On Thu, Mar 13, 2014 at 07:33:02PM -0500, Steve French wrote:
> On Thu, Mar 13, 2014 at 9:20 AM, Theodore Ts'o <[email protected]> wrote:
> > Previously, the no-op "mount -o mount /dev/xxx" operation when the
> > file system is already mounted read-write causes an implied,
> > unconditional syncfs().  This seems pretty stupid, and it's certainly
> > documented or guaraunteed to do this, nor is it particularly useful,
> > except in the case where the file system was mounted rw and is getting
> > remounted read-only.
> 
> Is there a case where a file system, not mounted read-only,
> would want to skip the syncfs on remount?  I don't know
> of any particular reason to do a syncfs on remount unless
> caching behavior is changing (or moving to read-only mount),
> but if as you say it is documented and guaranteed...
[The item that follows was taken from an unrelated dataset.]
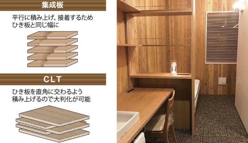 この工法では「CLT(直交集成板)」と呼ばれる木材パネルを宿泊室の壁と天井に採用している。厚さ30ミリのひき板を3層に重ねて接着したスギ材を使ったパネルは、各層が縦横に交わる構造。平行に積層する「集成板」は用途が柱や梁(はり)に限られるが、CLTは大判化が可能で壁や天井にも利用が広がる。分割して運搬でき道路事情に合わせられるため、「国内の施工条件に適合したユニット化工法を実現できた」(建築技術部)。

If the file system is mounted read-write, and it is transitioning to
read-only, i.e. "mount -o remount,ro /" then you do want to write out
all dirty data before you transition it to be read-only (otherwise you
would lose data).

It is my belief that this is the _only_ data integrity issue which is
implied by remount (and this is more about not losing work done by
previous system calls).

The background reason for this commit is that a user complained on the
ext4 list that he is using containers in a virtualization environment,
and due to the init scripts which the user doesn't want to change, it
is causing gazillions of no-op remounts, and this is causing ext4 (and
xfs) to do send CACHE FLUSH commands because it is required by the
syncfs(2) system call, which also calls sync_filesystem.  These CACHE
FLUSH commands are unneeded for anything, especially for these no-op
remounts, and so I want them to go away for remounts, but they should
still be there in response to syncfs(2) requests.